___ Supplied material
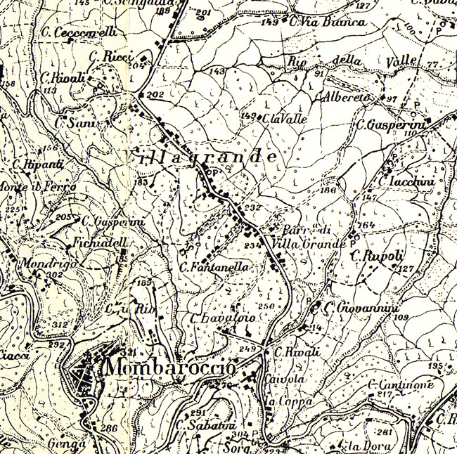 Villagrande di Mombaroccio. Carta IGM 1:25.000 109 II N.E., ricogn. generali 1948 (autorizz. IGM n. 4877 del 2-11-1998)
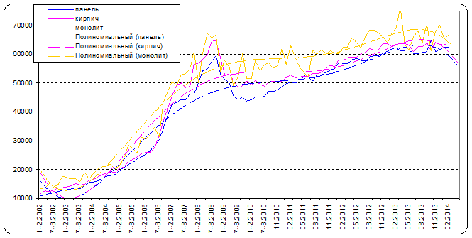 В панельных домах средняя цена предложения февраля 2014 г. составила 62239 руб./кв. м. (в январе 62505 руб. 1 кв. м.), в домах кирпичной постройки в феврале 2014 г. – 64315 руб./кв. м. (в январе 63173 руб./кв. м.). В феврале 2014 г., средние удельные цены предложения 1 кв. м. в монолитно-каркасных домах выросли, составив 66834 руб./кв. м. (в январе 65372 руб./кв. м.).
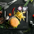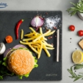 „Platou ardezie, patrat cu doua manere din inox 30x30cm,
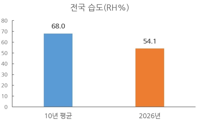 기상청 관측 결과에 따르면 올해 1월 전국 누적 강수량은 예년 대비 16.3% 수준으로 크게 감소했다. 특히 영남권을 중심으로 30일 이상 건조특보가 지속되고 있으며, 최근에는 건조 ‘경보’ 발효 지역이 확대되는 추세이다.
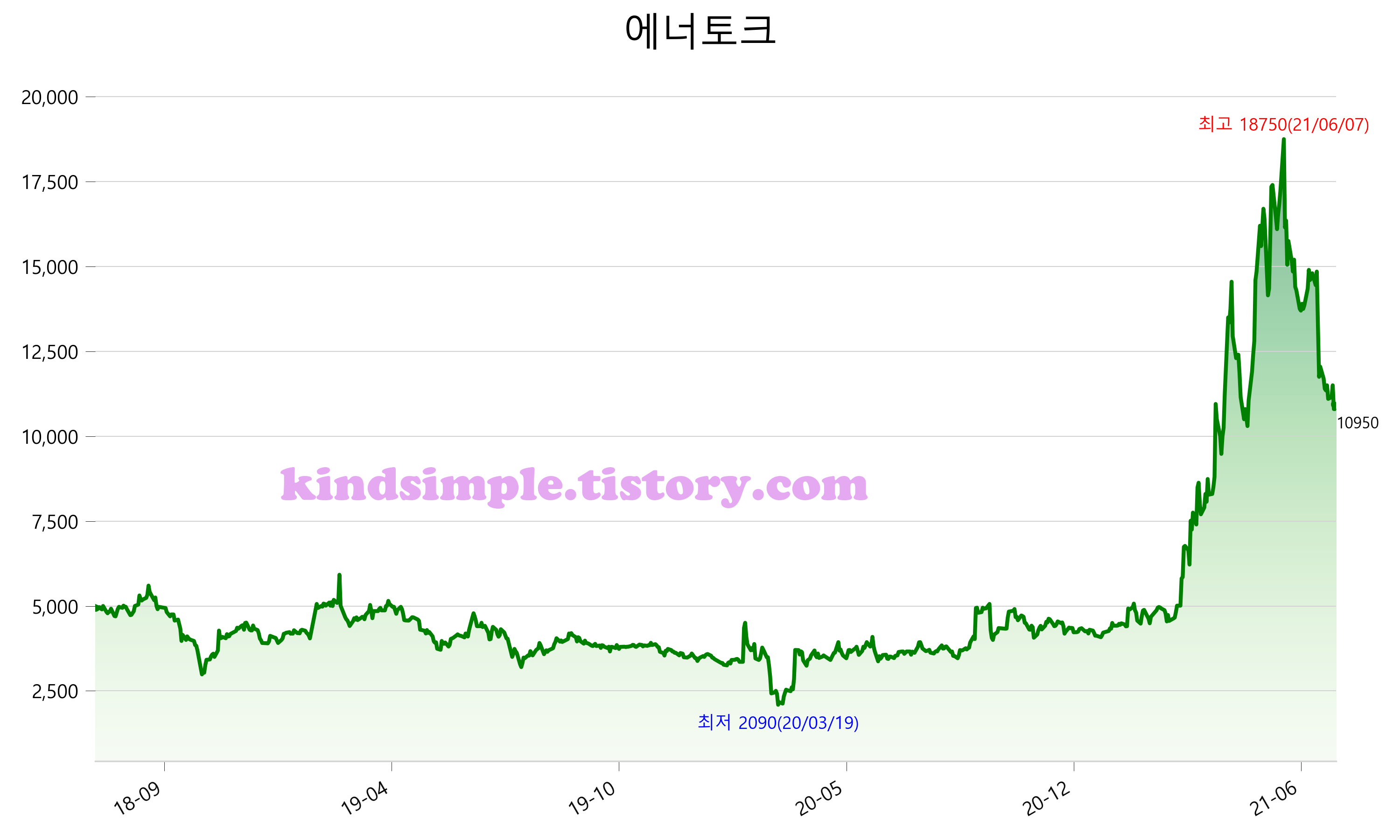 52주 최고가는 18,750원(2021-06-07), 52주 최저가는 3,460원(2020-08-24)으로 52주간 변동률은 198.4% 입니다.
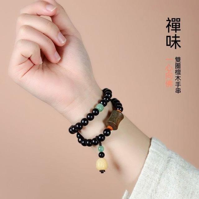 綠檀手串閩仙木質文玩雙圈款手串復古民族文藝中國風小衆一男一女
______
● Exercise goal
With the pictures omitted, print precisely the lines from the one with "ardezie, patrat cu" to the final line of the records, both included.

● Result of this task
 „Platou ardezie, patrat cu doua manere din inox 30x30cm,
 기상청 관측 결과에 따르면 올해 1월 전국 누적 강수량은 예년 대비 16.3% 수준으로 크게 감소했다. 특히 영남권을 중심으로 30일 이상 건조특보가 지속되고 있으며, 최근에는 건조 ‘경보’ 발효 지역이 확대되는 추세이다.
 52주 최고가는 18,750원(2021-06-07), 52주 최저가는 3,460원(2020-08-24)으로 52주간 변동률은 198.4% 입니다.
 綠檀手串閩仙木質文玩雙圈款手串復古民族文藝中國風小衆一男一女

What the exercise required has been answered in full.